■ Exercise ■
All pictures are to be omitted while the lines starting at the line with "Только достигнуть такой" and ending at the line with "時間はちょっと戻って、最寄り駅の りんかい線 国際展示場駅" in the material below are retyped exactly, both ends included.

■ Data to use ■
────────────────────
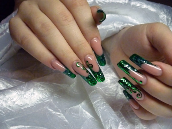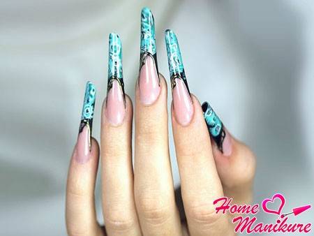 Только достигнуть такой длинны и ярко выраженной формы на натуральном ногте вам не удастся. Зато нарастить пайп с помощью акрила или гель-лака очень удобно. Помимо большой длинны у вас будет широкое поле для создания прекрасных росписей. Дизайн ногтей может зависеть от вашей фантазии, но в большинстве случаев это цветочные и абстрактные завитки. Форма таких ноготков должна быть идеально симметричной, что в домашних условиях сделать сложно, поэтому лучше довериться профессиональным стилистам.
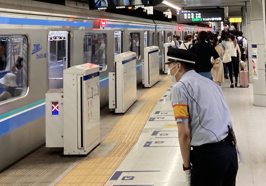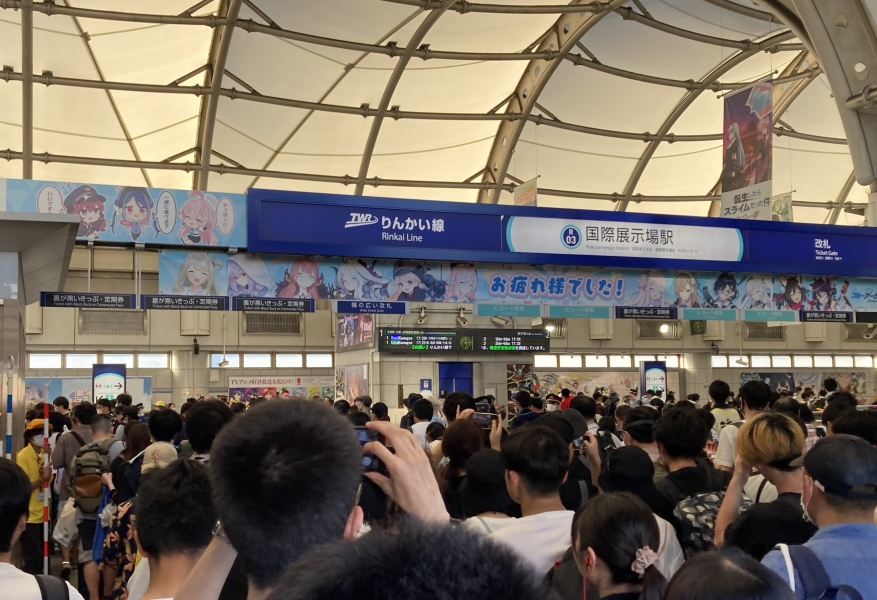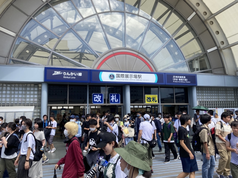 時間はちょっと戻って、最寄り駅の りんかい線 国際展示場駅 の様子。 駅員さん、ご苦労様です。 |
────────────────────
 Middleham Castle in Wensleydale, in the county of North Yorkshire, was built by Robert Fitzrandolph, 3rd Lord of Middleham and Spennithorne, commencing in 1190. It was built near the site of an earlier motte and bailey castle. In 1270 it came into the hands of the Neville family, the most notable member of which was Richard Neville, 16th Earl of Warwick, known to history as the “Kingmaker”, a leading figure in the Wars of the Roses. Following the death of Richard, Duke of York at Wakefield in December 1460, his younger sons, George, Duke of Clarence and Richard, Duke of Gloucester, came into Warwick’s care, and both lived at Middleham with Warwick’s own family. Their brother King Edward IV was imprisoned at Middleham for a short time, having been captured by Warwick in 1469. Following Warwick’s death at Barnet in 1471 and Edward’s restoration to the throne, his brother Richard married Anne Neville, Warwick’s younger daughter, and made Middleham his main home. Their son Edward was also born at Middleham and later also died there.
────────────────────
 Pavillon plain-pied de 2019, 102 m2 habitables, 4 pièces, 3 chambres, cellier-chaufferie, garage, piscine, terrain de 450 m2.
────────────────────
■ Result for this task ■
 Только достигнуть такой длинны и ярко выраженной формы на натуральном ногте вам не удастся. Зато нарастить пайп с помощью акрила или гель-лака очень удобно. Помимо большой длинны у вас будет широкое поле для создания прекрасных росписей. Дизайн ногтей может зависеть от вашей фантазии, но в большинстве случаев это цветочные и абстрактные завитки. Форма таких ноготков должна быть идеально симметричной, что в домашних условиях сделать сложно, поэтому лучше довериться профессиональным стилистам.
 時間はちょっと戻って、最寄り駅の りんかい線 国際展示場駅 の様子。 駅員さん、ご苦労様です。 |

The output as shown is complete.